Örvar Póreyjarson Smàrason, Gunnar Örn Tynes, and twin sisters Gyda and Kristín Anna Valtysdóttir--embarked on their first U.S. trip in support of their sophomore full-length, Finally We Are No One, just a week ago. When I call for an interview at my appointed time, the tour manager is both apologetic and protective. "I don't think now's the best time," he says. "The kids are all asleep, passed out in the back." It is 1:00 p.m. in the afternoon.

Twenty-four hours later, the same tour manager is attempting to coax one of the members of Mùm to the phone. "Gunni. Oh, Gunni bunny" he coos, in the sort of melodic singsong one might use on a very small child. After a surreal interlude of giggles and nonsensical noises, a sleepy-sounding

Gunnar answers the phone. When I ask where they are, he mumbles, "I am driving near Rocky Mount, North Carolina and Richmond and Williamsburg and Norfolk and... " He pauses. "I don't know where we are."

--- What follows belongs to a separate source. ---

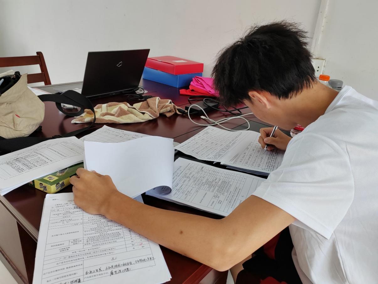 图为实践队员帮助村书记完成扶贫工作记录表
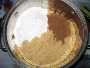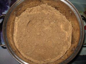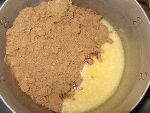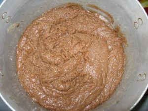 - Добавете какао, захар, ванилин към черния дроб и добре разбъркайте добре.

Particularly after listening to Finally, it is difficult to imagine a band like Mùm dealing with the rigors of life on the road. Finally is a delicate album, awash in little-girl vocals, downy cellos, violins, and soft electronics that flicker like blinking eyes. There is a childlike aura of wonder that surrounds everything. One gets the feeling that sending this band out on tour is a little like asking Sesame Street's Elmo to join the cast of Sex and the City: They're simply too wide-eyed innocent to take it all in.

"We are all just kids," Gunnar says. "It's maybe something connected to simplicity. We're simple people. We don't discuss how we want to sound or how we want to look. If it's something you sense [in the music], it's something that comes from us."

They may preach simplicity, but much of Mùm's music is written and recorded using the concepts of boundless imagination and unfettered creativity: Everything is possible, and everything is a good idea. Even the processes the band uses to record are unconventional--Finally was produced and finalized in a remote lighthouse off the coast of Iceland. The band's equipment had to be flown in via helicopter, and they followed in a tiny boat.

Mùm have also played several concerts that were broadcast into a swimming pool through an underwater speaker. Listeners were free to swim or float, but could only hear the music while submerged. In short, they had to be simultaneously isolated and engaged to fully participate in the experience. Two tracks on Finally, "Sleep/Swim" and "Faraway Swimming Pool," were even written to sound most complete in an underwater environment.

Mùm's outpouring of creativity begs the question of whether an unconventional tour--perhaps underwater--might be better suited to the band's sensibilities than the drudgery of nightclubs, promo spots, and long hauls in the early morning. "We've been trying to hook up some underwater speakers and do an underwater tour in swimming pools, but I don't think it's possible because of security rules," Gunnar replies. "We're thinking about doing it in the sea."